With a warrant from the Cobb County District Attorney, we once again set up a command post in Marietta High School. This time our recording equipment was hidden in a fake but realistic tombstone constructed by a movie special effects company. It appeared to be made of granite but was actually a converted decorative mantelpiece from Home Depot. The family name THOMAS was inscribed in large letters over “John Thomas 1936—1992.” It was a combination of my name and that of Agent John Lang.

The gates of St. James Episcopal Cemetery were open on the night of December 20 as our little convoy of undercover cars entered to plant our fake tombstone. When our headlights swept across JonBenét’s grave, we were surprised to find a marble headstone:

 

JONBENÉT PATRICIA RAMSEY
AUGUST 6, 1990—DECEMBER 25, 1996

 

It was a clue from nowhere.

I knew that the Ramseys had returned from the Whites’ Christmas party at 10 P.M., and the day ended two hours later. The dates on the grave marker were another argument for establishing a time of death. For some reason, the parents were stating that JonBenét had died before midnight.
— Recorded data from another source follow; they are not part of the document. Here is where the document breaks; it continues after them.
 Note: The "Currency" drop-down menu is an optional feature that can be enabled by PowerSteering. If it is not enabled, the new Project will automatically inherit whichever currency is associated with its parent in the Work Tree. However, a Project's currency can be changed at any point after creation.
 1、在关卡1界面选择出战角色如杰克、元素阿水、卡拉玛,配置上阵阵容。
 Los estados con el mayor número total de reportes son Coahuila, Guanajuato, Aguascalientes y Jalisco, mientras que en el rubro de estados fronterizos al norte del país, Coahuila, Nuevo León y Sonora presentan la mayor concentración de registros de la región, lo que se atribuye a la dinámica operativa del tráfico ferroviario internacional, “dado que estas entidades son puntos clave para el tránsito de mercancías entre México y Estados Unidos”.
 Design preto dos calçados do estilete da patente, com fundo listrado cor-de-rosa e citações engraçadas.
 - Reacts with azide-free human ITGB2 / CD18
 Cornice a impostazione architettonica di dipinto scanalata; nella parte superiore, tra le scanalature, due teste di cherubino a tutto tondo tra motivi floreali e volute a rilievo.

Fresh flowers were on the graves of both JonBenét and Beth Ramsey, Christmas ornaments hung in a nearby tree, there was a photo in a little framed heart, and a six-foot-long strip of Astroturf covered the ground. A stuffed bunny and a ceramic angel, a box with a Nativity scene, and other mementos surrounded the grave.
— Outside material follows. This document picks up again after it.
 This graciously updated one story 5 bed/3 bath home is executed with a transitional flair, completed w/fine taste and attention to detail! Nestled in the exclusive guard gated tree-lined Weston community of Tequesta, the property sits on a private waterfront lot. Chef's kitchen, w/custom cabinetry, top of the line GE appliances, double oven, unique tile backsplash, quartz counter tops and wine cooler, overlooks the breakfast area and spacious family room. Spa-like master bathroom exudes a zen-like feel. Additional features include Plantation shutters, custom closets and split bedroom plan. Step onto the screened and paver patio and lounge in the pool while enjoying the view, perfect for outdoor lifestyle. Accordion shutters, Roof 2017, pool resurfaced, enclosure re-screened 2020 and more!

“We missed them,” I told Lang dejectedly. “That headstone didn’t get here by itself. They came early and held some sort of memorial service.” As I kicked myself, Lang said it didn’t matter because our warrant didn’t begin for another three days anyway. Even had we been here, we would only have been able to watch from a distance without any recording equipment.
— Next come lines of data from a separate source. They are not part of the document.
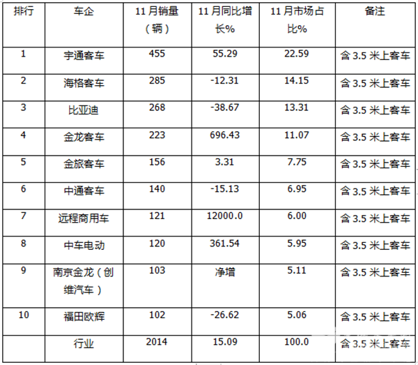 - 11月新能源客车:同环比双增创新高 宇通霸榜 中车\金龙分列二三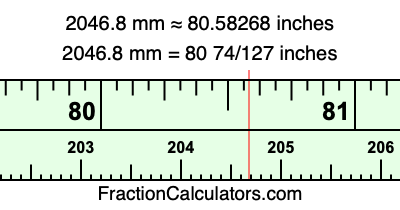 Here is how to convert 2046.8 mm to inches. We will give you the fractional answer, the decimal answer, and illustrate the answer on our tape measure.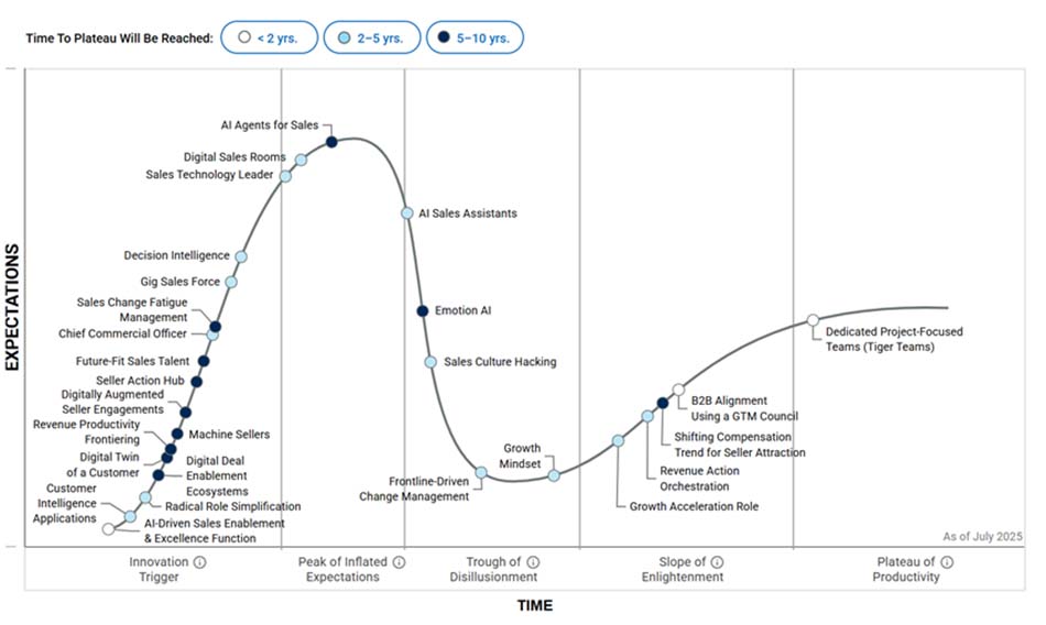 Gartner’s Hype Cycle for Sales Transformation, 2025 highlights the AI, advanced technologies and organisational innovations powering this transformation and driving sales organization success.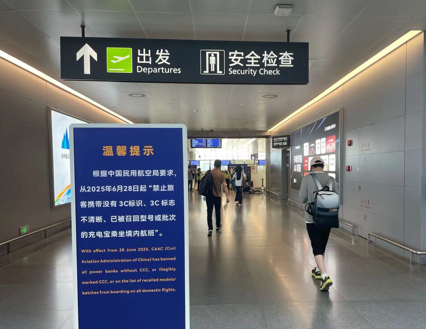 6月28日起,根据民航局发布的最新通知规定,禁止旅客携带没有3C标识、3C标识不清晰、被召回型号或批次的充电宝乘坐境内航班。

We installed our high-tech headstone on a plot forty-five feet west of the child’s grave, feeling like ghouls, then departed the cemetery as inconspicuously as one can at two o’clock in the morning while carrying a shovel, flashlight, and sledgehammer.

For the surveillance, the GBI gave us everything we had before and more, and we began at dawn on December 24, as a slashing rain stopped and the sun rose on the drenched cemetery. Over the next eighty-eight hours, tourists looked at the grave, the press looked at the tourists, and we looked at them all.

Burgers and Cokes fueled us while we recorded the gamut of people—women with babies in strollers, self-appointed experts explaining the case, families, kids, dog walkers, and Rollerbladers. It was a tourist mecca.

A white Corvette pulled in, and a blonde with an inch of dark roots emerged, wearing a Mickey Mouse sweatshirt, stirrup stretch pants, and dark glasses. Detective Gosage and I thought we recognized her. “That looks like Pam Paugh,” he said. She sat on the little bench and wept as the merciless photographers stalked nearer. She knelt for a moment on the grave and whispered a few words we couldn’t hear through all the media noise.
Speak louder!
we urged from the command post. She gave the headstone a kiss and escaped after only four minutes. We never figured out who she really was.